変わらない領域として最も重要なのは、課題設定と目的設定のフェーズです。野村氏は「課題設定フェーズにおいて目的課題を設定するっていうとこはAIにはまあできない」と指摘しています。これは、ビジネスの文脈を理解し、組織の目標に沿った適切な課題を設定する能力が、依然として人間の重要な役割であることを示しています。
一方、大きく変化する領域として、以下の点が挙げられています:
- データの収集プロセス
- データの整備作業
- 基礎的な可視化作業
- 人間の洞察を誘発するための初期分析
これらの領域では、AIが人間よりも「圧倒的に得意」であり、「人間よりも早く膨大な量をこなせる、何桁も多い量をこなせる」と野村氏は説明しています。特に注目すべき点として、AIの作業比率が「8割9割」に達する可能性が示唆されています。
しかし、この変化は必ずしも人間の役割を軽視するものではありません。むしろ、人間とAIの協働による新しい価値創造の可能性を示唆しています。野村氏は「調理する、盛り付けるっていったとこはまAIと人間が協調する」と述べ、高度な判断や創造性が必要な領域では、人間とAIの適切な役割分担が重要であることを強調しています。
また、データサイエンスの質的な変化も指摘されています。従来の人手による分析では達成できなかったレベルの精度や規模の分析が可能になる一方で、その結果を適切に解釈し、ビジネス上の意思決定に結びつける能力は、むしろ人間の役割として重要性を増しています。

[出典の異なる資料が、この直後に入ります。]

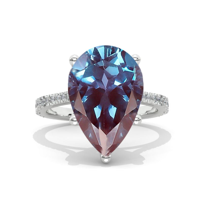 8 Carat Pear Alexandrite 14K White Gold Engagement Ring - Giliarto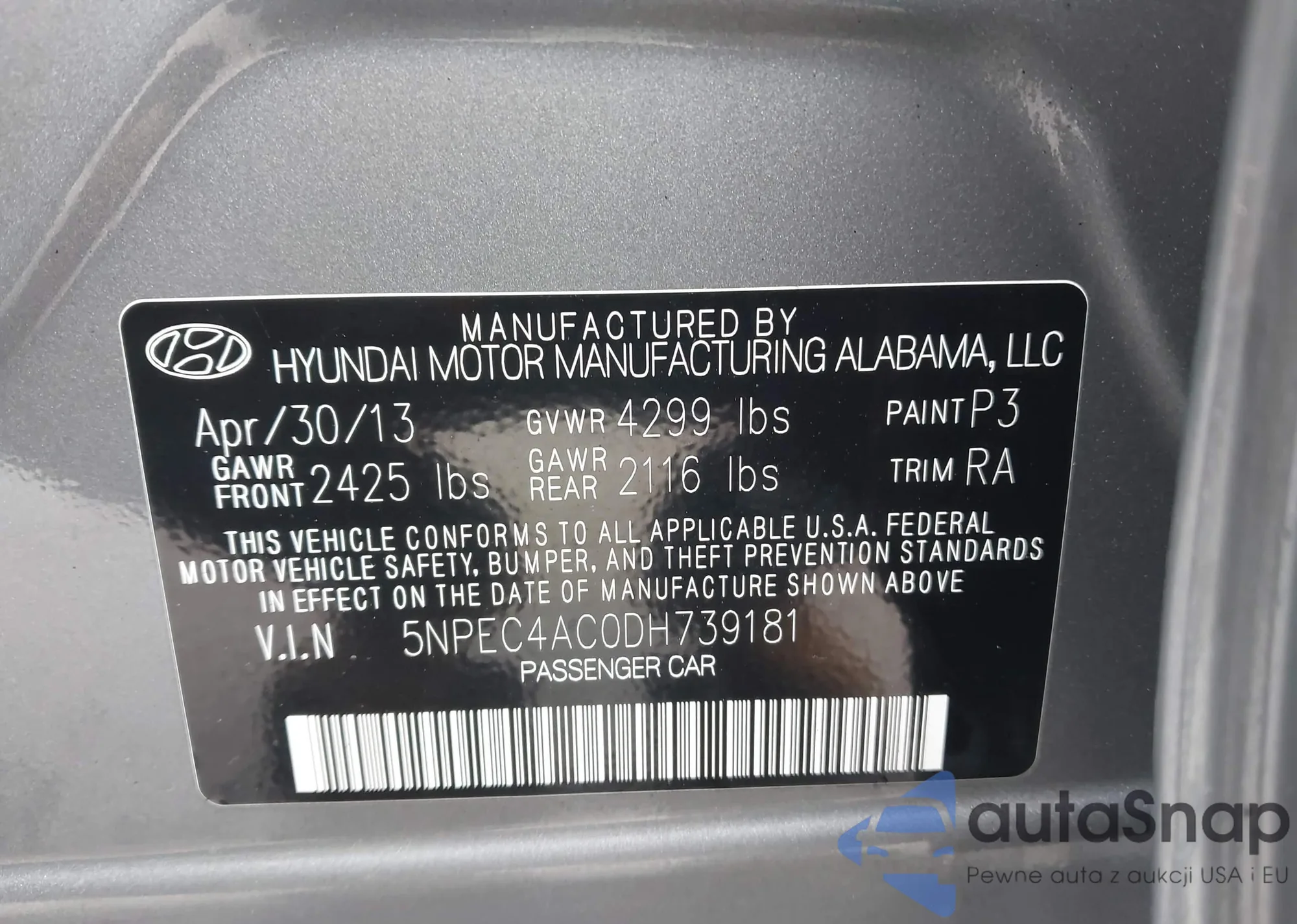 • VIN 5NPEC4AC0DH739181

これらの変化は、データサイエンティストの役割の再定義も促しています。野村氏は、今後のデータサイエンティストには、AIツールを効果的に活用しながら、より高度な分析や解釈に注力する能力が求められると示唆しています。
4.2. 料理のアナロジーによる説明
AGCの岡谷健二氏が提案した料理のアナロジーは、データサイエンスの工程を分かりやすく説明する優れた枠組みとして野村氏に高く評価されています。このアナロジーでは、データサイエンスの各工程が料理の過程に対応付けられ、以下のように説明されています。
まず、データ収集のプロセスは「魚を取る」工程に例えられます。野村氏は、この段階でのAIの優位性について、「膨大な量をこなせる、何桁も多い量をこなせる」と指摘しています。これは、従来人手で行っていたデータ収集作業が、AIによって効率化される可能性を示しています。
次に、データ整備は「下処理」に相当します。この工程では、生のデータを分析可能な形に整形する必要があります。野村氏は、この過程でもAIが大きな役割を果たすことができると指摘し、「基礎的な可視化作業」や「人間の洞察を誘発するための初期分析」がAIによって効率的に行えると説明しています。
分析・加工の段階は「調理」に対応します。ここでは、整備されたデータから意味のある情報を抽出し、価値ある知見を生み出す過程が含まれます。この段階では、AIと人間の協調が特に重要になってきます。野村氏は「調理する、盛り付けるっていったとこはまAIと人間が協調する」と述べ、人間の創造性とAIの処理能力を組み合わせることの重要性を強調しています。
最後の可視化は「盛り付け」に相当し、分析結果を効果的に伝えるための重要な工程です。この段階でも、基本的な可視化はAIが担当し、最終的な調整や表現方法の選択は人間が行うという協調的なアプローチが効果的だと示唆されています。
このアナロジーの特徴は、各工程の関係性と重要性を直感的に理解できる点にあります。特に、最終的な価値を生み出すためには、すべての工程が適切に実行される必要があることを、料理という身近な例を通じて効果的に説明しています。また、このアナロジーは、AIと人間の役割分担を考える上でも有用な視点を提供しています。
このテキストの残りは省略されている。